Advisory teams have been able to successfully leverage the mix of skills and backgrounds to build teams capable of being creative. Advisory services depend on going beyond the existing and offering new solutions based on what you already know. It’s about understanding the client beyond the numbers. We also consider additional factors, such as environment, organizational culture and tolerance for risk, industry trends, human capital and so on.
This means we have the skills to identify initiatives and strategies to address D&I within our firms and across our industry. Have you ever heard the expression “the shoemaker’s children go barefoot”? As the saying goes, it means the cobbler is so busy tending to others that they forget to make shoes for their own children. There are many similar proverbs and sayings in different languages and cultures, but they all boil down to the same idea: We don’t apply our expertise to ourselves.
There are many ways we can leverage our skills, thinking and process to the D&I challenge. By simply re-directing many of the types of recommendations we make to clients to ourselves, the solutions may very well be within our grasp. For example:
- Hiring: We recommend clients consider building new teams or bringing in talent with specialized skills. Yet, we continue to hire the same types of people from the same types of schools with the same backgrounds. By following our own advice, we would look in new places for people with a mix of backgrounds and experiences, possibly with different degrees and credentials. Or, better still, they would have all of the above!
- Product Differentiation: We may suggest a client expand their market or niche, which requires a different perspective or approach. By inviting diversity into our practices, we may identify new clients, service lines and industry specializations.
- Process Improvement: We may suggest finding new ways to work with customers, which might include changes to workflow, management style or production. With a more diverse team, the firm could evaluate how similar internal changes might impact groups differently (i.e., women vs men, people without children vs parents).

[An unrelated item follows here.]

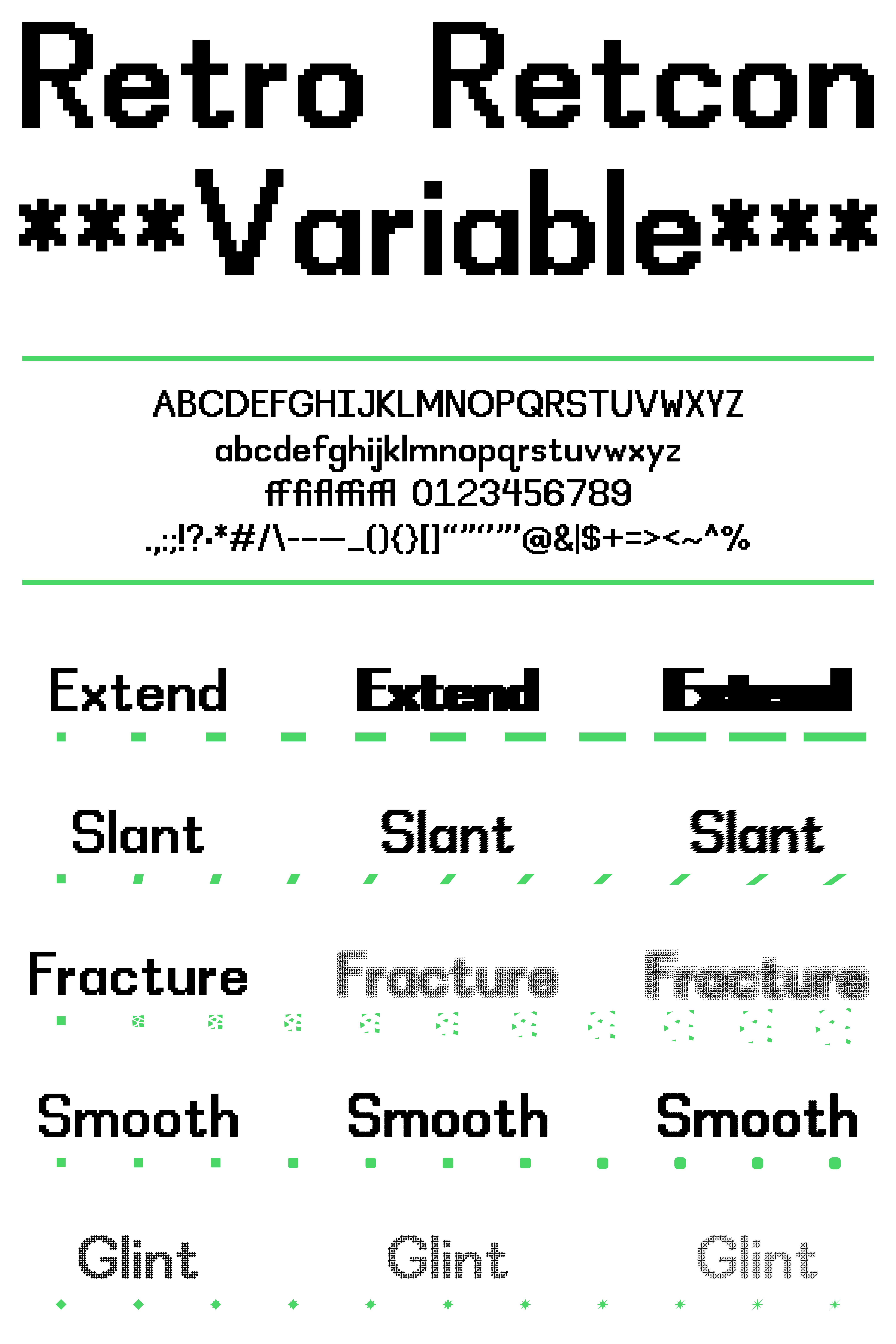 These variable font experiments build off of my previously made pixel font, and vary the pixel to create different effects.

- Branding: We may suggest repositioning a product or service in the marketplace, which may result in changes to branding or communications. Diverse teams could help the firm expand their messaging externally to resonate with new clients or different markets, as well as internally to improve recruitment and retention efforts.
Connecting internal D&I efforts with strategies to drive innovation for clients offers a fresh perspective on identifying solutions and setting priorities to improve diversity, develop more equitable policies and processes, foster inclusion and create spaces where people from all backgrounds feel they can safely belong. Improving diversity is not enough. There is a correlation between belonging and engagement. It fosters a willingness to share, speak up and contribute. Data increasingly show that productivity increases when you bring people together with different backgrounds, perspectives and experiences and that they are more likely to contribute when they feel like they fit in.
Advisory services teams have been able to build the types of connections that foster trust and promote creativity. By expanding this approach across accounting firms, we just may be able to overcome the shoemaker’s dilemma and find D&I solutions that can drive lasting change.